▶
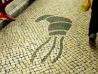 | 恋風旅路 >> 恋風旅日記 >> マカオ旅日記 >> 2日目(その1) +2日目(その1)+(マカオ) 〜朝出かけてみようと企てて〜 午前6時起床。前日に計画したとおり、朝食の前に聖ポール天主堂を見に行くのだ。準備をして、6時半過ぎに部屋を出る。出発前、日本で「出かけてきます」とホテルのフロントに鍵を預ける無駄なシミュレーションをしていた私。しかし昨晩、部屋の引き出しをあさっていたら「シントラご案内」みたいな冊子を見つけ、「ホテルのカードキーはチェックアウトのときまで持っていて下さいね」というような説明を見かけたので、自由に出入りしていいんだ!楽ちんだな!と気が楽になり、ホテルを颯爽と出発。 〜ポルトガルのモザイク〜 昨日は暗くて気がつかなかったが、すでに歩道がモザイクタイル貼りだー!楽しい!カニとか魚とか、歩いていくと次々に現れる。でも地図はちゃんと見てないと。ここで迷ったら、せっかく早く出てきた意味がなくなる。まずはセナド広場を目指します。 <ここで突然、マカオのカルサーダスコレクション>
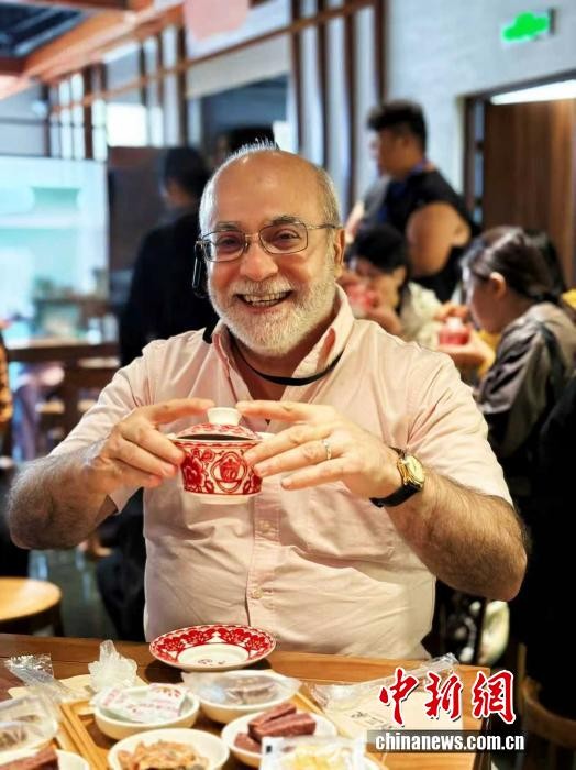 2025年10月1日,國際友人在寧夏吳忠市一家早茶店內(nèi)品嘗寧夏八寶茶。(資料圖) 吳忠市官方供圖
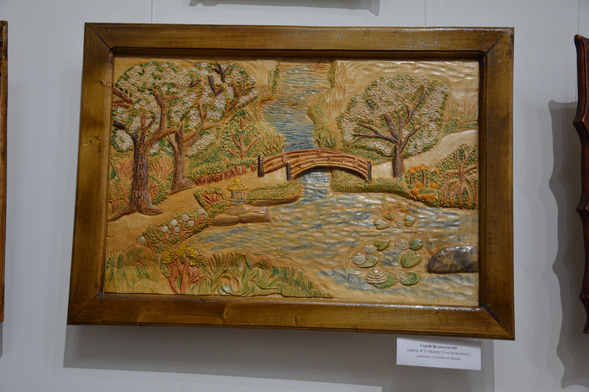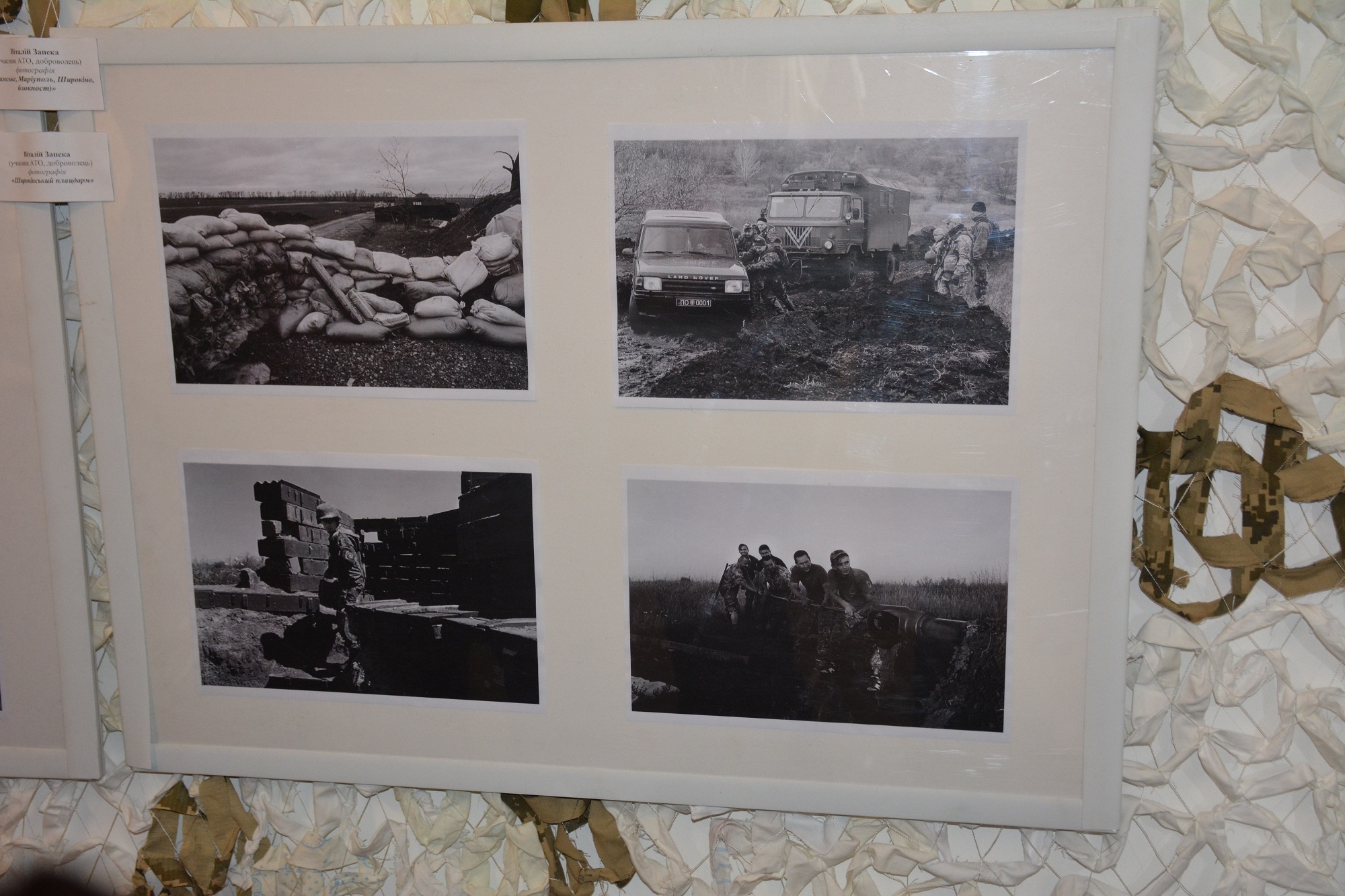 В експозиції представлено понад 300 робіт. Це – картини Павла Кулика, Василя Піддубного, Яни Сєдової, Юлії Євдокимової, Вадима Лемешка, Руслана Кашаюка, Світлани Андрійчук; вишиті бісером та хрестиком картини і ікони Олександра Надорожняка, Ігоря Лугіна та Тетяни Дрьомової; різьблення по дереву Сергія Великохатнього; вироби зі шкіри і дерева Павла Балабухи та Андрія Музиченка; мило ручної роботи Олексія Грищенка; ляльки-реборни Сергія Бондаря; художньо розписані фрагменти ящиків для боєприпасів й гільзи Світлани Логуш-Луців та волонтерки Мар’яни Доріченко; воєнні світлини та портрети українських героїв Леоніда Шрайбікуса, Віталія Коруна та Віталія Запеки; дизайнерський розпис одягу Лесі Борсук; сувенірна продукція Світлани Анісімової та Світлани Ребрикової. Варті уваги друковані та рукописні твори понад 15-и авторів: Віктора Залевського, Олени Макарчук, Тамари Горіха Зерня, Патріка Адамса, Сергія Сайгона, Юрія Руденка, Олександра Бурбела, Олексія Петрова, Василя Піддубного, Олега Федотова, Сергія Дека, Германа Дубініна тощо.
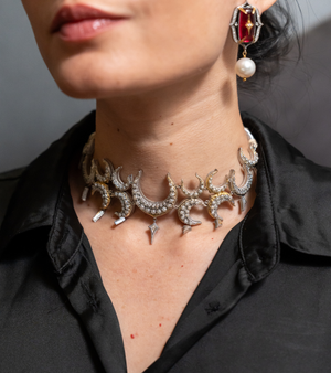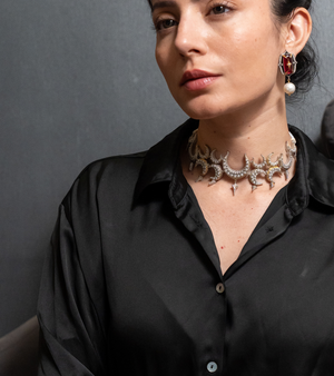 The Ikra Choker is an iconic UNCUT by Aditi Amin design that draws deeply from Indian heritage while remaining strikingly fashion-forward. Crafted in silver with natural FG VS diamonds, delicate China pearls, and hand-painted black enamel, the piece reinterprets traditional Indian jewellery through a bold, contemporary lens. Rich in character and presence, it is a powerful statement choker designed to turn heads.
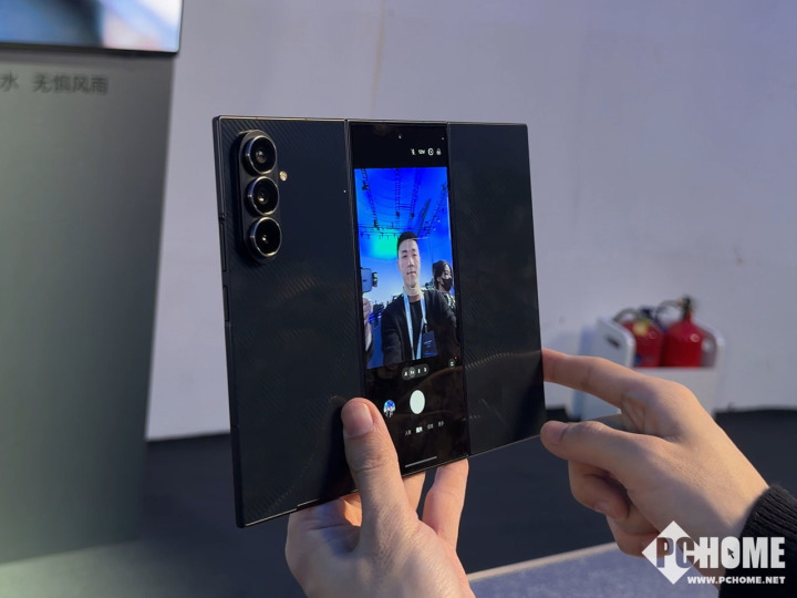 折叠屏设计师可以通过外屏调用后置镜头自拍的,从现场实际体验来看,三星仅能在完全展开状态下使用后置自拍,折叠单侧屏幕时无法开启,展开三屏基本要双手持机了,灵活性不及华为,后者的后置自拍功能使用场景更灵活,可以在“双屏”模式下进行后置自拍,单手即可持机完成。
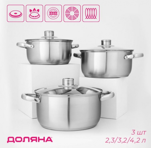 Набор кастрюль из нержавеющей стали, 3 предмета: 2.3 л, 3.2 л, 4.2 л, крышки (50675)
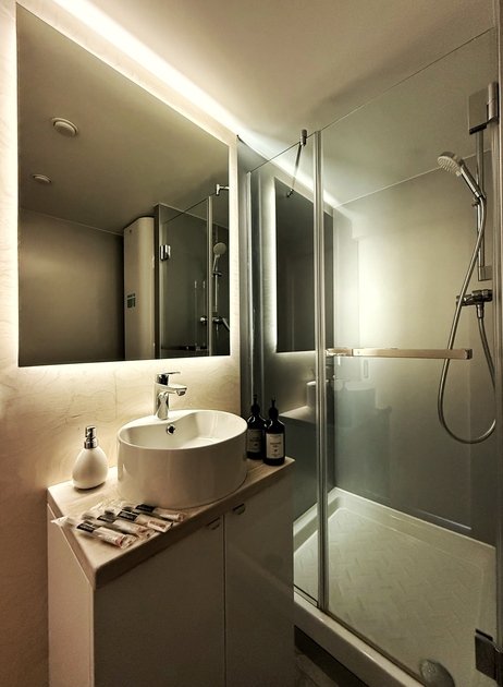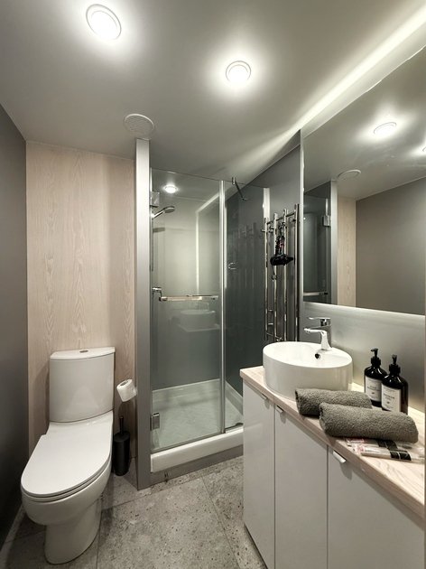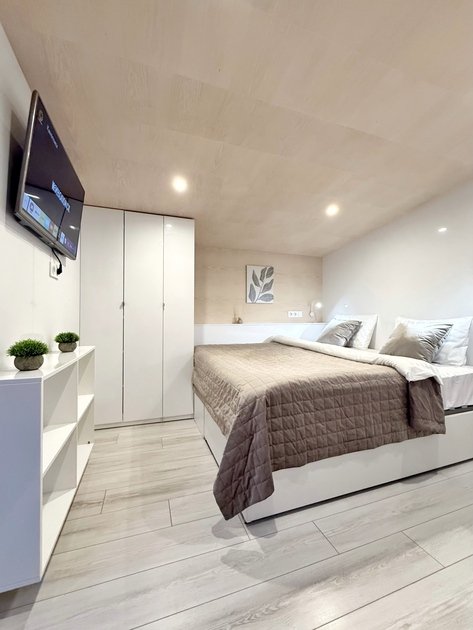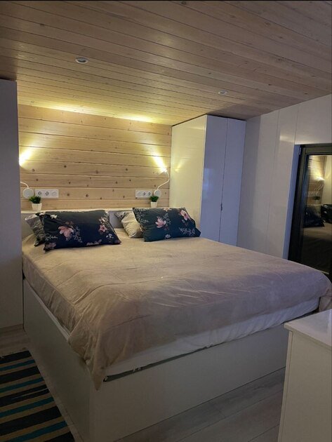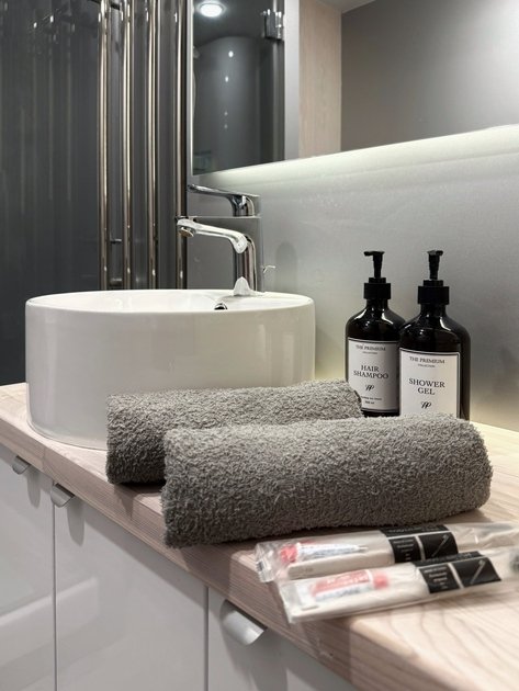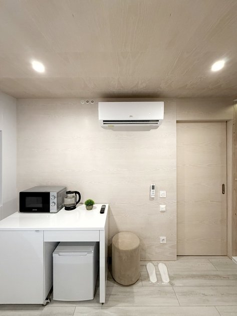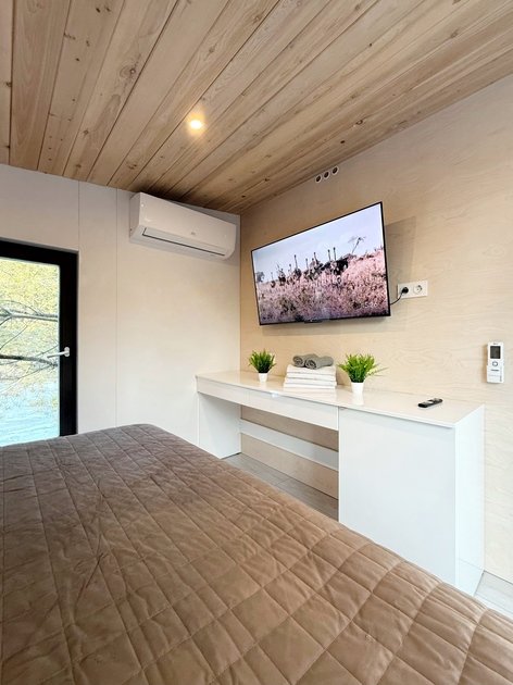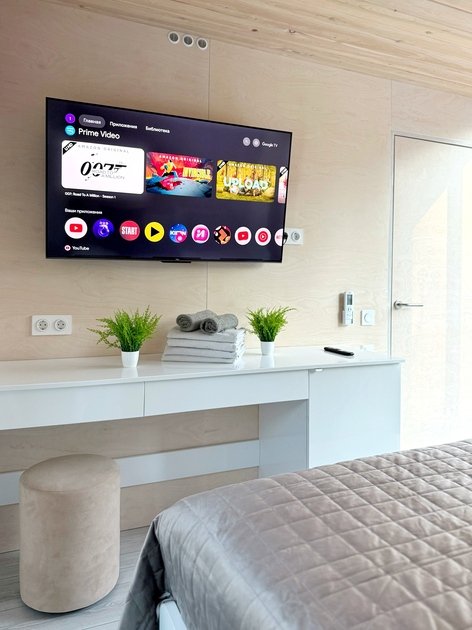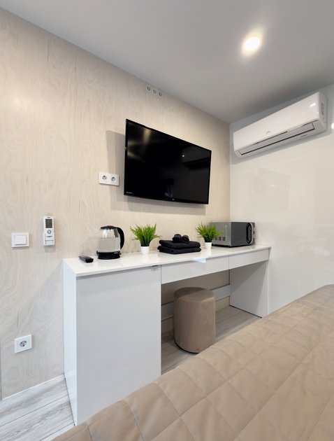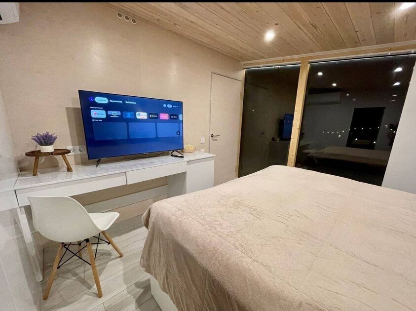 Удобства: Wi-Fi, Smart TV, кондиционер, холодильник, набор необходимой посуды, двуспальная кровать King size с ортопедическим матрасом, электрический чайник, микроволновая печь, одноразовый зубной набор, тапочки, махровые полотенца, средства личной гигиены, плотные шторы.
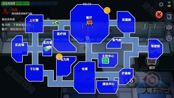 游戏中船员可以通过完成所有的任务获得游戏的胜利,每个人的任务内容略有区别,有的任务也需要合作进行,可以根据地图上的指示,前往即可,任务的形式都很简单,就是一些点点点的操作,有一点点英文基础即可。需要注意的是尽量避免单独行动,这样被K.O了都没有目击证人。
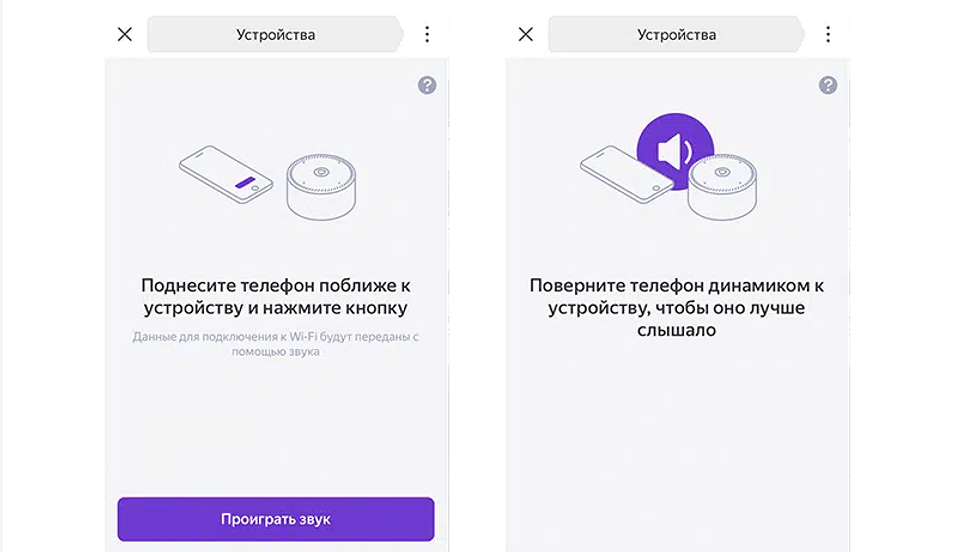Завершающий этап — выбрать «Проиграть звук». Сам телефон следует поднести поближе к колонке и повернуть к ней динамиком. Теперь осталось подождать несколько секунд, пока Алиса автоматически не подключится к Wi-Fi. После этого можно переходить к дальнейшим настройкам гаджета.
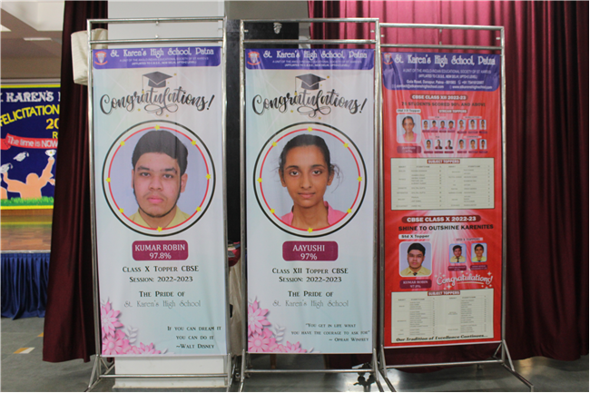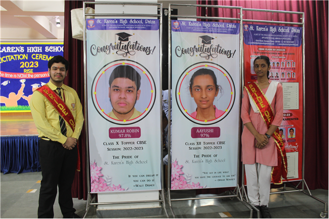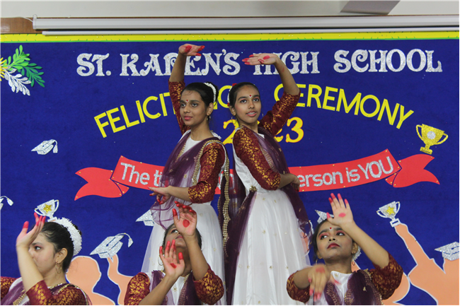 The meritorious students of Std. X and XII of St. Karen’s High School were felicitated on Friday, 19 May 2023 for their brilliant academic performance. These students brought laurels to the school. The function started with the lighting of the ceremonial lamp followed by dance performance by the students. Honourable Joint Director Mr.Edward Galstaun,Academic Director Mrs.Sharon Galstaun,Academic Supervisor Mrs.Shefali Srivastava and Principal,Mrs.Seema Singh encouraged the students. Their words were profound source of motivation for the students. The toppers of the school of class X and XII were felicitated for their exemplary performances and were awarded with momentos and certificates.
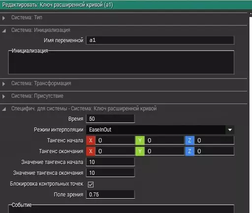 我有自己的事件,在这种情况下,当火车开始移动时会鸣笛。长度和播放速度的值也根据个人喜好进行了调整。将曲线与关键帧同步,并且必须与火车(变量名Train)同步。a1和b1与通向line2的曲线同步。a1_2和b1_2与通向line1的曲线同步。名称 数值 长度 600 速度 0。5 模式 缓入缓出 最终应实现曲线连接两个关键帧、列车和线段 接下来,要启动移动,需创建两个【控制台】。一个用于移动到B点,另一个用于反转。
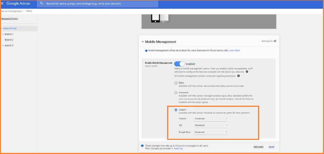 Check if Android, OS, Google Sync are set to “ADVANCED” in Custom.
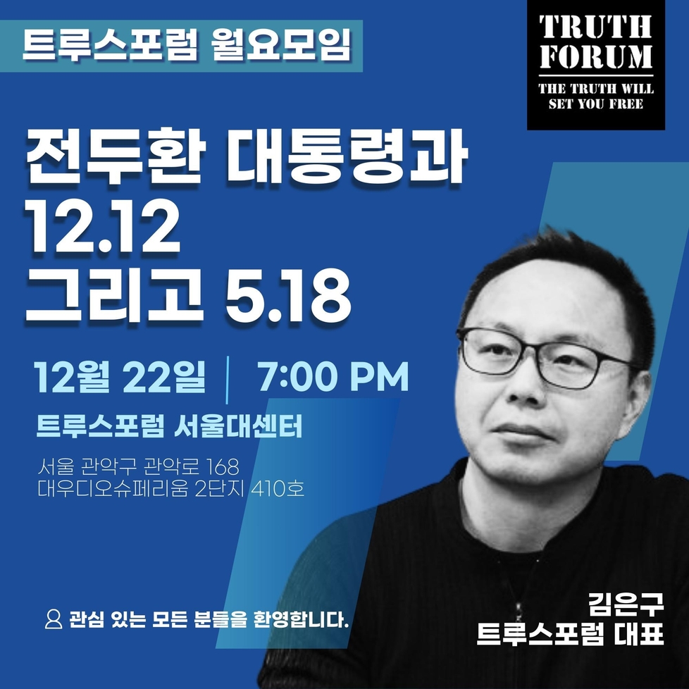 돌아오는 주 월요일(12월 22일) 저녁에는 <전두환 대통령과 12.12 그리고 5.18>을 주제로
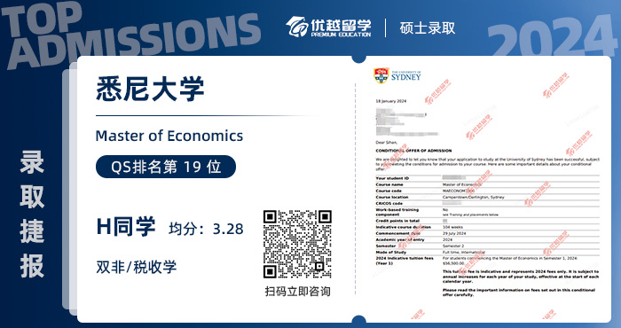 2024offer來襲!恭喜H同學在碩士留學申請中斬獲悉尼大學經濟學碩士通知書!
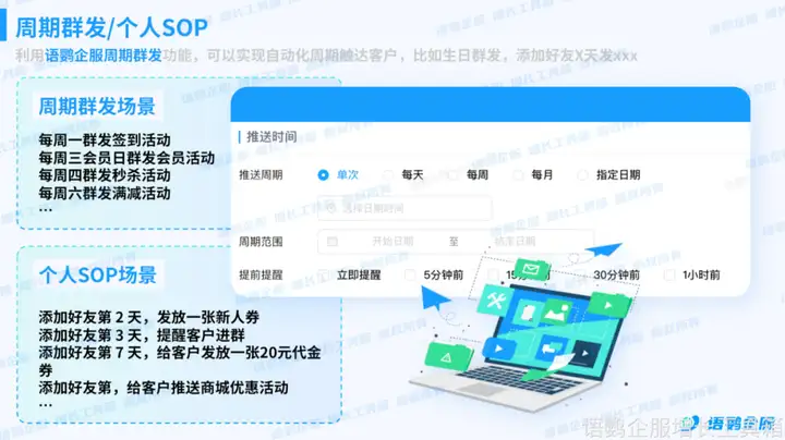 语鹦企服的【定时群发SOP】支持自动化周期触达客户,完美兼顾实用性和便捷性。企业可以利用语鹦企服的「周期群发」功能,设定每日、每周或每月的营销信息发送频率,并在特定周期内推送特定信息,确保营销活动有序进行,与客户建立稳定的交流频率,保持品牌在客户心中的活跃度,最终提升转化。
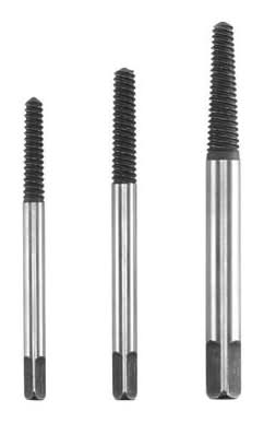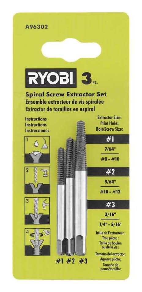 The RYOBI 3 PC. Spiral Screw Extractor Set is the perfect solution for easily removing stripped screws and bolts. With a durable steel composure and black oxide threads, these screw extractors are equipped to handle tough applications. The package features a sizing guide for assistance in picking the correct screw extractor and drill bit size for your application. In addition to your screw extractors, you will also need a drill with drill bits, hammer, Cancer and Reproductive Harm - www.p65warnings.ca.gov Size: 7/64"x9/64"x3/16"
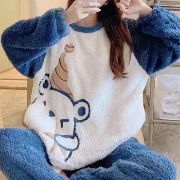 Fleepmart Thickened Warm Women’s Sleepwear Coral Velvet Pajamas Loungewear Winter Cartoon Bear Padded Girl Nightwear
◀
**EXERCISE BRIEF:**
Look above for the line with "游戏中船员可以通过完成所有的" and the line with "Завершающий этап —". Copy them and every line between, exactly, but no pictures.

**RESULT OF THIS TASK:**
 游戏中船员可以通过完成所有的任务获得游戏的胜利,每个人的任务内容略有区别,有的任务也需要合作进行,可以根据地图上的指示,前往即可,任务的形式都很简单,就是一些点点点的操作,有一点点英文基础即可。需要注意的是尽量避免单独行动,这样被K.O了都没有目击证人。
Завершающий этап — выбрать «Проиграть звук». Сам телефон следует поднести поближе к колонке и повернуть к ней динамиком. Теперь осталось подождать несколько секунд, пока Алиса автоматически не подключится к Wi-Fi. После этого можно переходить к дальнейшим настройкам гаджета.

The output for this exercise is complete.